諦め顔のアダムさんであるが俺は声を大にして言いたい、おいおっさん、娘なら説得しろよ!

 

ちなみにアダムさんは結婚はしているが諸事情により子供がいない、なので養子のマリアさんが跡継ぎなわけだが、アレこれって必然的に材木座が次期領主になるんじゃね?

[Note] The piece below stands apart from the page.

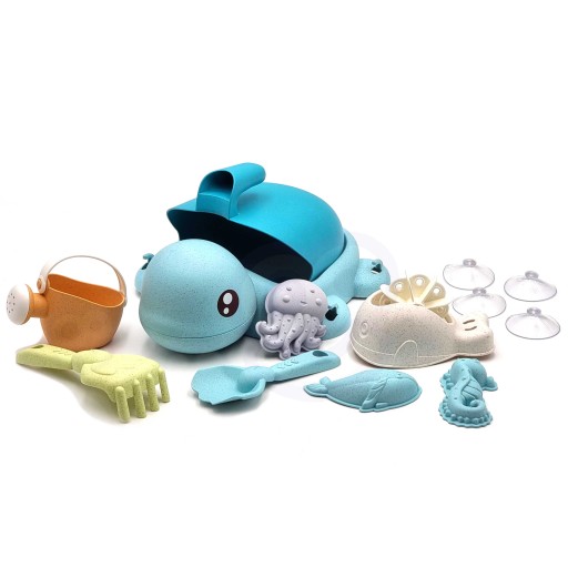 Zestaw do Piasku Żółwik od marki WOOPIE z serii WOOPIE GREEN to świetny dodatek do piaskownicy, a nawet ogrodu. Zestaw zawiera 8 elementów: żółwia, łyżkę, konewkę, 3 foremki, łopatkę i grabki oraz kołowrotek. Wiaderko ma wygodny uchwyt do przenoszenia. Zestaw ma najmodniejszy pastelowy design oraz został wykonany z organicznego biodegradowalnego (podlegającemu samoistnemu rozkładowi) materiału. Dodatkowo podlega kompostowaniu.Produkt bezpieczny dla dzieci - dezynfekowany w 120 stopniach. Gwarancja super zabawy w piaskownicy, na plaży, a nawet w ogrodzie! Produkt przyjazny środowisku!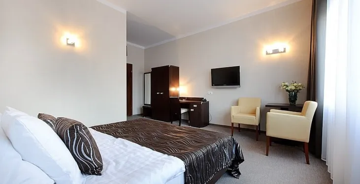Położony w bezpośrednim sąsiedztwie dawnego kompleksu zdrojowego Hotel Trzebnica udostępnia 60 pokoi hotelowych: 41 z nich to pokoje dwuosobowe z pojedynczymi łóżkami, a 19 kolejnych to pokoje ze złączonymi łóżkami. W obiekcie znalazły się również trzy apartamenty. Każdy pokój posiada klimatyzację.

「八幡、マリア殿のことは我に任せられよ、それより早く話を進めていただけぬか?」

 

「あ、ああうん・・・」

なんかこいつどんどん貫禄が増してくるな、こいつも非童貞だからなぁ

 

「んじゃ葉山説明頼む」

「・・・君がやるんじゃないのか・・・まあいいけど」

色々動いた人が話した方が早いだろう、というのは建前で単にめんどくさいので葉山に丸投げだ。

 

「・・・というわけだ、異世界から来た人をかき集めて東の国境の森を攻める予定だ、何か質問は?」

 

「森のどこにゴブリンのアジトがあるかはまだ分からないのね?」

陽乃さんから質問だが、これは俺も思ったことだ、やみくもに森に入っても遭難したり下手したらゴブリンに囲まれBadEndになりかねん

「むろん現地に付いたら偵察隊を出す、大岡と比企谷は決定だな」

「え?俺?」

 

「おにいちゃん頑張って!」

あれー小町さんあなたもシーフでしたよね?

 

「八幡?小町さんにどこにゴブリンが潜んでいるかわからないところに行かせるつもりじゃないでしょうね?」

「先輩サイテーですね」

 

なんか女性陣からの視線が異様に冷たいのだが・・・

「何も言ってないだろうが・・・」

なんでこいつらに心の声がダダ漏れなんだろうか?

 

「ゴブリン達はどのくらいの規模なんだ?商人たちはゴブリンの一団を見たのだろう?戦力分析をしないとな!」

平塚先生はこっちの世界に来てから前にも増して脳筋っぽくなってるから一人で突っ込みそうで怖いんだよな。

 

「結構な規模らしい」

そう言うと葉山は商人たちに聞いた話を元に何が何匹いる可能性があるという絵を見せてくれた。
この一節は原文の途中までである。